It doesn’t matter if you are 16 or 60, when it comes to
setting financial goals, it is imperative that you position yourself to take
advantage of every opportunity. That means funding every tax favored account
you can to the maximum amount allowed by law. What might surprise you is that
the average income earner can do this with the correct strategy. Most people
lack the ability to lay out a successful strategy when it comes to building
wealth, so I have made it easy for you. If you follow the strategies outlined
in my book, Simple Wealth Building
Strategies, you WILL be able to achieve the following five
financial goals.
The first financial
goal everyone should have is to fully fund his or her employer sponsored
401k account to the maximum allowed by law. For a two income family, that
simply means you will have two solid retirement plans. Current limits are $18K
contribution limit and $6K catch-up contribution for those over age 50. If you
are over age 50, then you need to take advantage of the catch-up contribution. For
most incomes, achieving this goal will require thirty percent or more of your
income. The table below shows two incomes and the required contribution amounts
to successfully save the 401k limit amounts without and with catch up
contributions.
The way to position yourself to accomplish this goal every
year is to stay out of debt. But staying out of debt is not enough. You must also
pay off your mortgage as fast as possible, otherwise you will not have the
flexibility in your income to set aside thirty percent or more. When you are
debt free and you do not have a mortgage, your entire financial world changes. I
don’t want you to think that having this goal is only for rich people. I was
talking to someone the other day who has been working since he was 16 years old
and this year is the first year he will be able to max out his 401k. It has
taken him just over 36 years to reach that point, but he is finally there.

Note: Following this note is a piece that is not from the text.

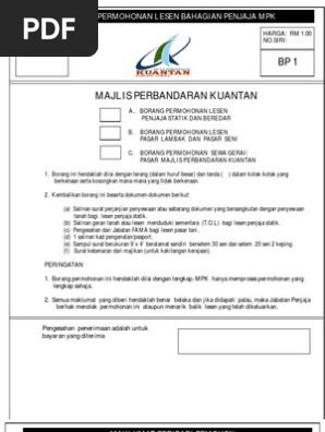 Borang permohonanboleh didapati di kaunter bayaran jabatan kawalan perniagaan dan pelesenanlaman web majlis perbandaran kuantansebarang pertanyaan bolehlah dirujuk kepada bahagian pelesenan majlis perbandaran kuantantel. Senarai jenis pelesenan permit sementara. 1 salinan pendaftaran syarikat perniagaan pertubuhan borang 9 49 atau borang d beserta maklumat perniagaan pemilik 1 salinan kad pengenalan pasport pemohon. Anda perlulah berumur 18 tahun ke atas dan warganegara malaysia.

Think about how significant his achievement is. When he began working, 401k’s
didn’t even exist, so he has only been working on this goal since the mid-1980s.

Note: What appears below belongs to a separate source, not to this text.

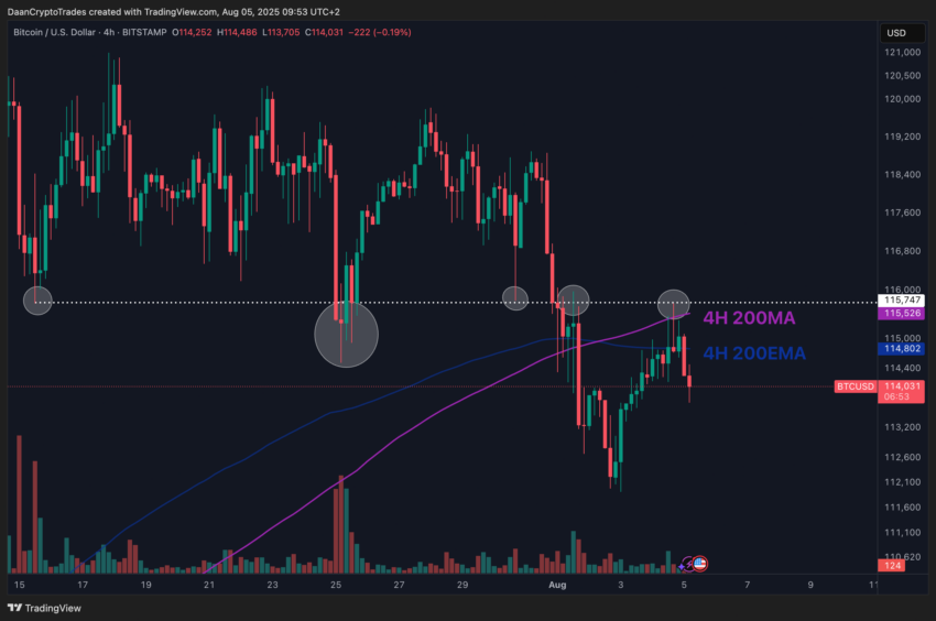 El reconocido analista Daan Crypto Trades también subraya que la zona entre 115,000 y 116,000 dólares es crítica. Este rango ha funcionado como soporte y resistencia, coincidiendo ahora con las medias móviles de 200 periodos en el gráfico de 4 horas.

If you want to read an interesting history on the advent of the 401k, click here.
The second financial
goal everyone should have is much like the first. Set a goal to fully fund your
individual Roth IRA accounts. I say accounts for those who are married. Even if
you are a single income family such as mine, you must make it a priority to
first fund the non-working spouses Roth IRA and then your own. Current limits
are $5.5K per individual and $1K catch-up contributions for those over age 50. Once
again, if you are over age 50, then you need to take advantage of the catch-up
contribution. I recommend that the working spouse in a single income family
funds the non-working spouse’s Roth IRA first because the working spouse will
likely have access to an employer sponsored 401k plan that will be fully
funded. The priority is first the 401k, then the non-working spouse’s Roth IRA
and then the working spouse’s Roth IRA. If both people are working, then this
goal is a lot easier, but even for the single or the single income family,
there is a way to build a strategy to do this without impacting the family
budget.
In today’s world of high health care costs and the disaster
known as the “unaffordable care act,” families today need every advantage they
can get. Even individuals need to take advantage of the Health Savings Account
or HSA, as they are commonly called. Therefore,
the third financial goal everyone should have is to fully fund the family’s
HSA. Current limits are $6.75K per
family and $1K catch-up contributions for those over age 55. If you are over
age 55, then you need to take advantage of the catch-up contribution. Don’t
ever leave money on the table when you are in full blown wealth building mode. Some
of you might be asking “How is a family supposed to afford all of this savings
and investments on an average salary?” You have to develop the mentality that
believes “Where salary leaves off, strategy takes over.” The following table
shows that, with a little nest egg, one can use the growth of such to create an
ulterior income that becomes the pump-primer for the well of wealth.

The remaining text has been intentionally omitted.